In this case, I had been shoved to the side long ago so I have nothing to lose by expressing my point of view. Yet, it is still somewhat intimidating to express opinions contrary to those of a very powerful congressman and power broker within the state party. I just wish that he and his staff could understand the concept of loyal opposition. It is a sign of strength to be open enough to accept different points of view. They apparently see it as weakness. That’s too bad and pretty sad. People who think outside the box of conventional wisdom often have a lot to contribute. It seems to me somewhat ironic that the “liberal” party can be so closed minded about different points of view. I thought the point of being progressive or liberal is to be open minded.
Lately it seems that the Democratic party is as entrenched in it’s singular point of view as the Republicans are. That results in two rigid, fixed entities unwilling and unable to compromise for the good of the country. In this instance, the Democratic party is as guilty as their G.O.P counterparts. This country, in my opinion, can move forward only when there are multiple points of view which are respected by those with alternate perspectives.
Michigan Union BustingThe key, I think, is mutual respect. It seems like that quality is sadly lacking on the political scene and in government. Granted, it is difficult to show respect for positions that represent extremes that look like the caricatures of reality. Nevertheless, there needs to be a way to find common ground and the attempt needs to be serious from all sides. This is true of Congress, and the President on down to the state and local level of government and state parties.

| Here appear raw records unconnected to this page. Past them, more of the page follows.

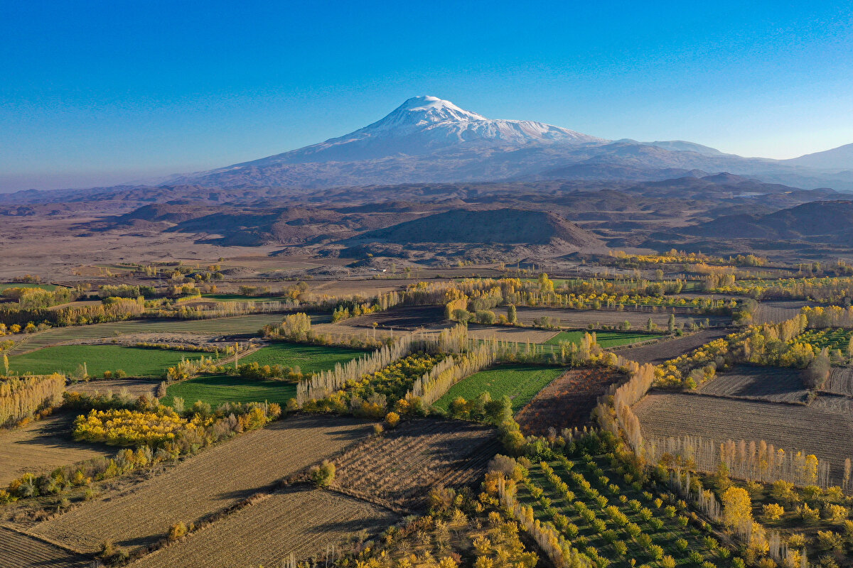 Yurdun en kurak alanlarından olan Ağrı Dağı eteklerindeki arazilerde yer alan bahçelerin bulunduğu alan bir vahayı andırıyor.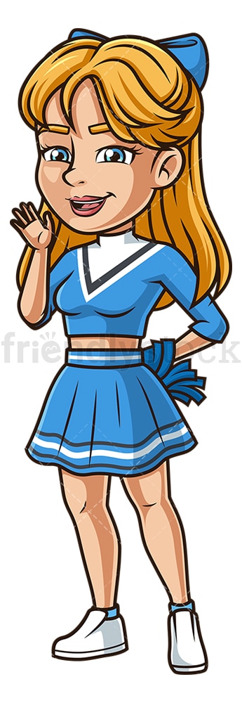 Royalty-free stock illustration of a caucasian woman in a blue cheerleading uniform, holding pom poms, standing up and waving, smiling.
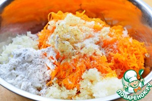 • Мясной фарш (курица/говядина), тыкву и лук выложить в чашу, добавить крахмал (картофельный или кукурузный), посолить. Тщательно перемешать фарш.

When there is a lack of mutual respect, there is a lack of trust and the relationship is frozen. Paralysis is the lack of motion and in physics, what is in motion tends to stay in motion and that which is at rest tends to stay at rest. If there is no movement between different points of view, there can be no forward progress. That is where we, as a country, find ourselves: stalemated between intractable forces, immoveable like two bull moose, antlers locked in combat.
The above analysis, however, applies only when the two sides, or forces, are reasonably equal in position and power. When that is not the case, the person or force of lesser power or status can be ostracized or driven out. That is what has been happening with labor unions in this country. Corporations are doing their best to break unions so that workers have less power in the workplace. They are being quite successful as of late, especially by pushing the lie that workers are better off in “Right-To-Work” environments. All that really means is that employees have the right to work for less. The only alternative for the unions is to fight the lies by organizing. Indeed, that is probably the best alternative for all who see themselves as weaker and powerless in the face of greater power and influence. There is, in the end, always strength in numbers.

Cherie sees herself as a cross between Don Quixote and Charlie Brown: tilting at windmills but missing the football. She has always dabbled in poetry but took up blogging fairly recently. You can find her blog here. Her passions include: politics of the liberal stripe, exploring the intersection of social justice and faith and pursuing economic justice and fairness for all. You can find Cherie elsewhere on Twitter as @crbones or @US_JUST. She is also on LinkedIn and edits her online newspaper, The JUST Journal.

Tim Peacock is the Managing Editor and founder of Peacock Panache and has worked as a civil rights advocate for over twenty years. During that time he’s worn several hats including leading on campus LGBT advocacy in the University of Missouri campus system, interning with the Colorado Civil Rights Division, and volunteering at advocacy organizations. You can learn more about him at his personal website.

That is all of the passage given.